Toadyin’ frowned. ‘I thought they still need drafting.’
‘Had it done!’ retorted Brawlin’. He pulled out a file and opened it to reveal a sheaf of orders. ‘No time to lose. Immediate effect. Keep the Muslims out.’
‘Important orders,’ said Larry. ‘Very important. They’re going to make this country very, very safe.’
‘Mr President,’ said Slippery, ‘to that point … When I take these orders to the press, you know what they’re going to ask me, don’t you?’
Larry stared at him with the same uncomprehending look he had displayed in response to Slippery’s previous question.
‘They’re going to ask exactly how these orders make us safer. The record shows that refugees who have passed our existing vetting procedures haven’t been responsible for a single terrorist act, not one.’
‘Even if they’re Muslim?’ said Larry.
‘Even if they’re Muslim. Those are the facts. The media knows them as well as we do.’

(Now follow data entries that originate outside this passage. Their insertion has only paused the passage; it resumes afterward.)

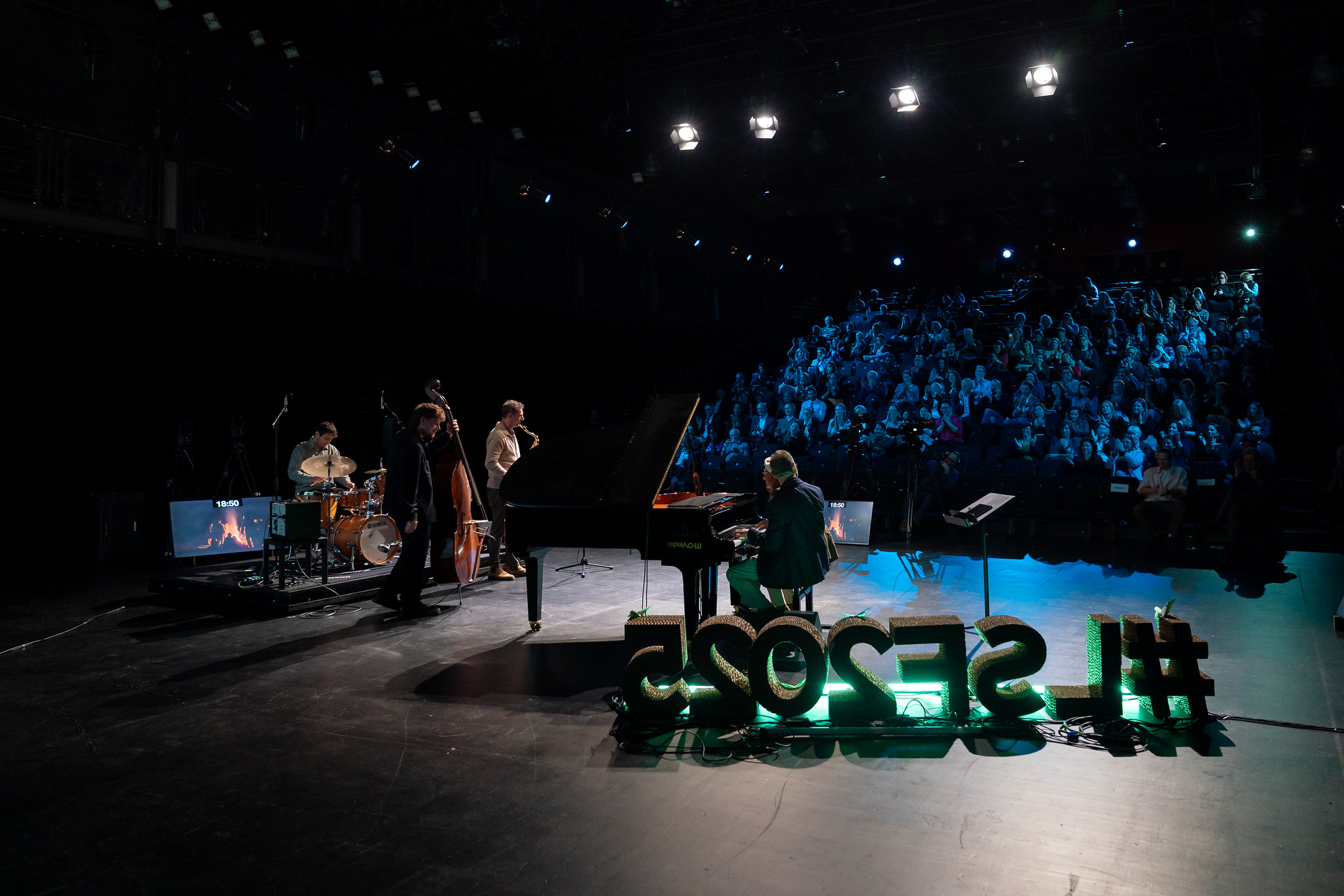 Des participants du Luxembourg Sustainability Forum sont invités à monter sur scène et à guider Alex Steele et son Quartet de Jazz.
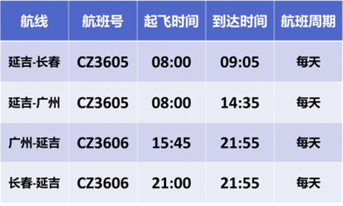남방항공 연길-장춘-광주 항공편은 CZ3605인데 08:00에 연길에서 출발하여 09:05에 장춘에 도착하며 09:55에 장춘에서 출발하고 14:35에 광주에 도착한다. 광주-장춘-연길 항공편은 CZ3606인데 15:45에 광주에서 출발하여 20:10에 장춘에 도착하며 21:00에 장춘에서 출발하고 21:55에 연길에 도착한다. 이 왕복 항공편은 매일 한편씩 운행할 계획이다.
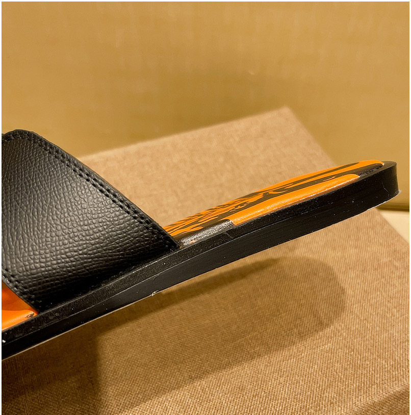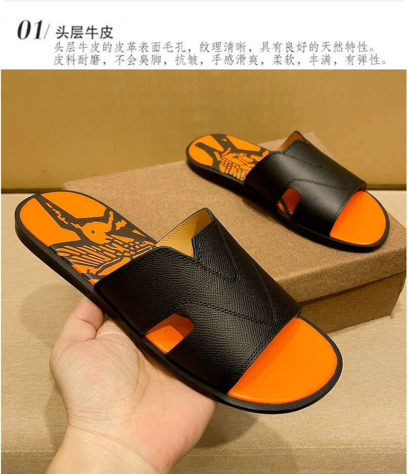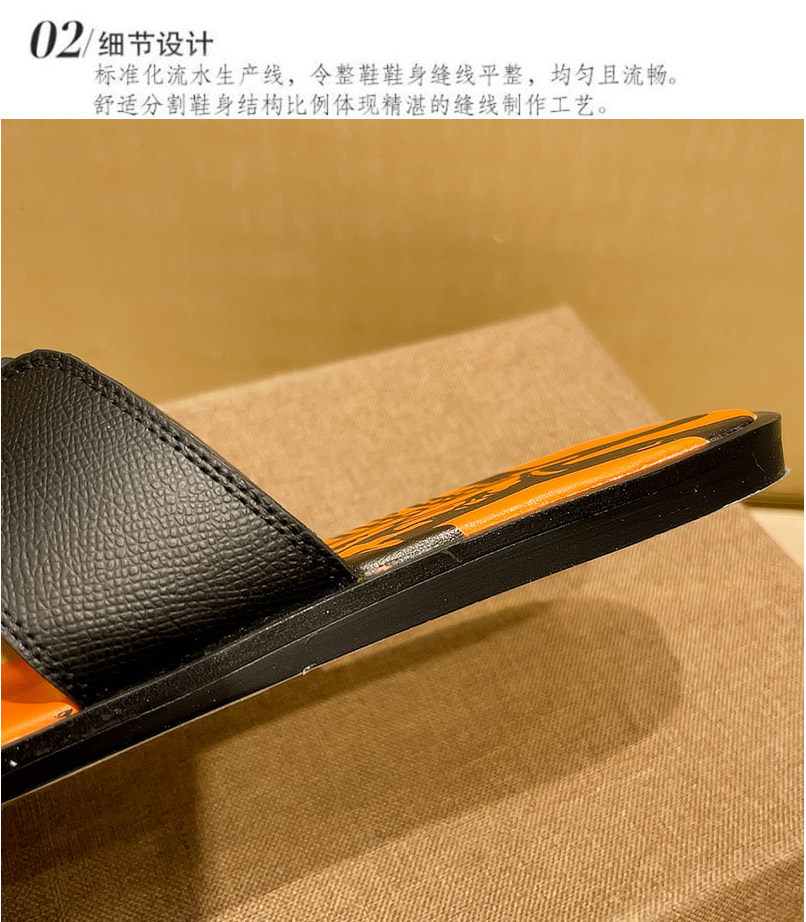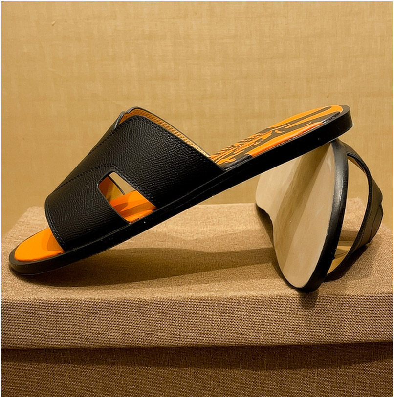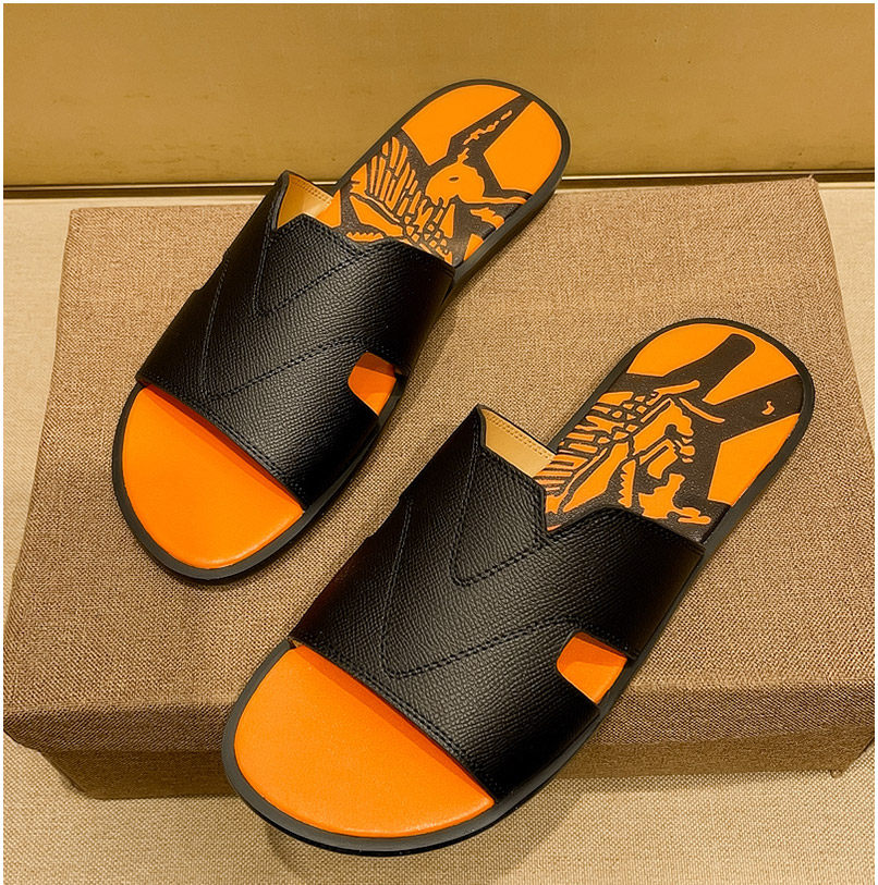 Light Luxury European High-End Genuine Leather H Slippers for Men with Horse Print, Summer Black High-End Feel Beach Vacation Flip-Flops
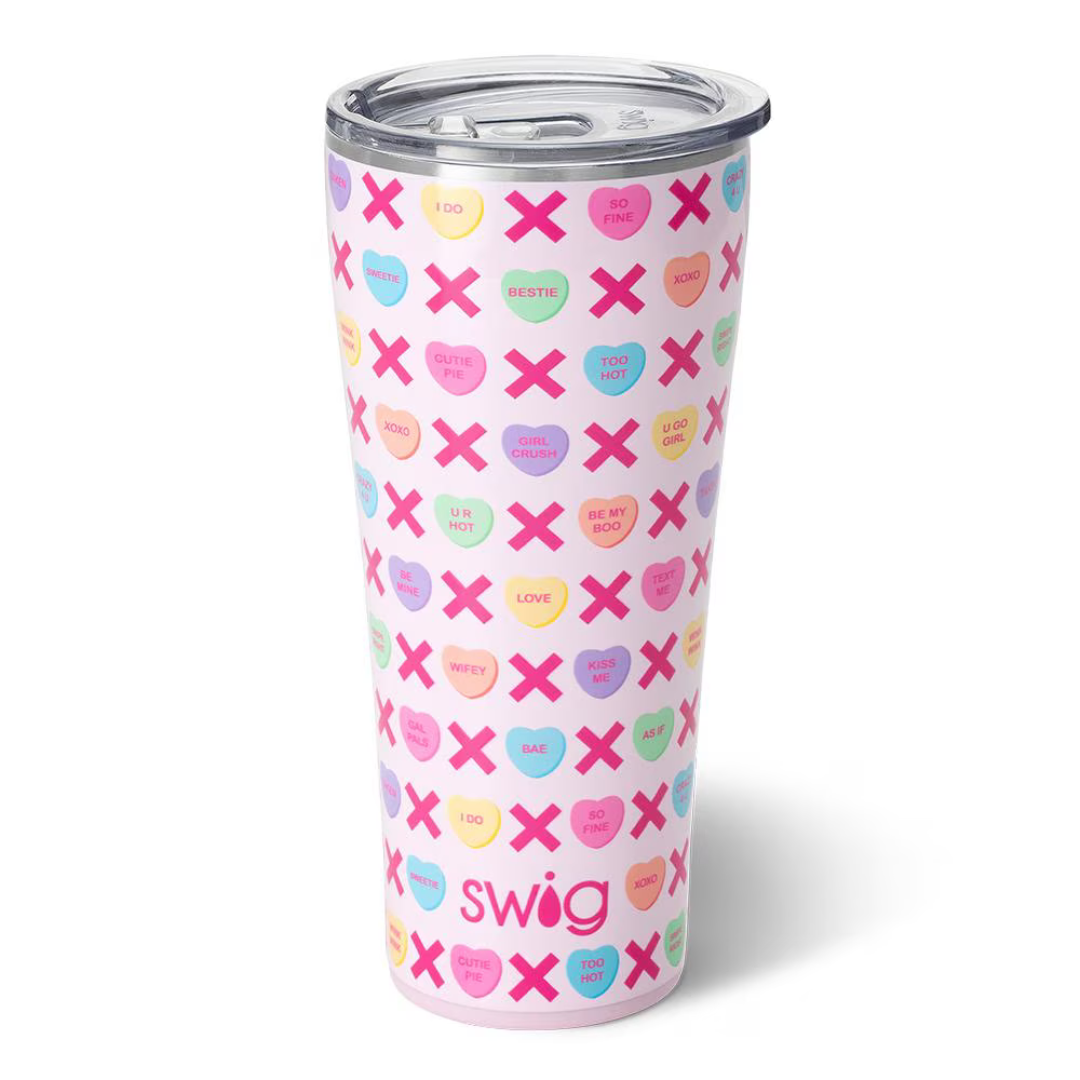 Bigger really is better! Bring laughter and love to your sweetheart this year with pastel candy conversational hearts on a glitter pink background.
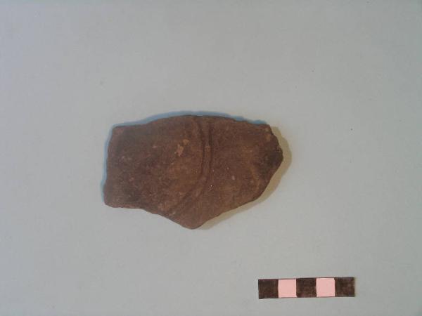 Frammento di parete a profilo leggermente convesso, con motivo decorativo di due linee incise semicircolari concentriche.

‘You still don’t get it, do you, Sean?’ said Stonewallin’. ‘We have alternative facts.’
‘Sir, these orders are just theater.’
‘I know!’ yelled Brawlin’. ‘Ain’t it great?’
‘They’re not ready to be signed,’ said Toadyin’. ‘There’s a bunch of agencies who would normally be consulted who haven’t even seen-‘
‘Consulted?’ demanded Brawlin’. ‘Consulting’s for snowflakes, Reince. The minute we start consulting is the minute this administration ceases to be effective.’
‘Has anyone checked to see if they’re constitutional?’
‘The minute you check, some smart-ass lawyer called Rubinstein or Cohen is going to say no!’
‘Has anyone checked to see if they’re operable?’
‘Has anyone checked to see if they’re operable?’ Brawlin’ mimicked him in falsetto.
‘You said they’ll have immediate effect. What if someone’s in the air when the order’s signed? Does that mean he gets turned back when he lands?’
‘And how does that make us look?’
‘Tough as hell! One tough, bad-ass country! The snowflakes are gonna kick up. Bring it on. Let those Muslim-lovers squeal!’
‘There’ll be chaos.’
‘I know! Ain’t it great?’ Brawlin’ set the orders on the desk in front of the president.
Larry glanced over the first one – or the first six sentences, at least – greedily. ‘Get the photographers in,’ he said, and he picked up his pen and composed his features into one of his simpering pouts, ready to sign.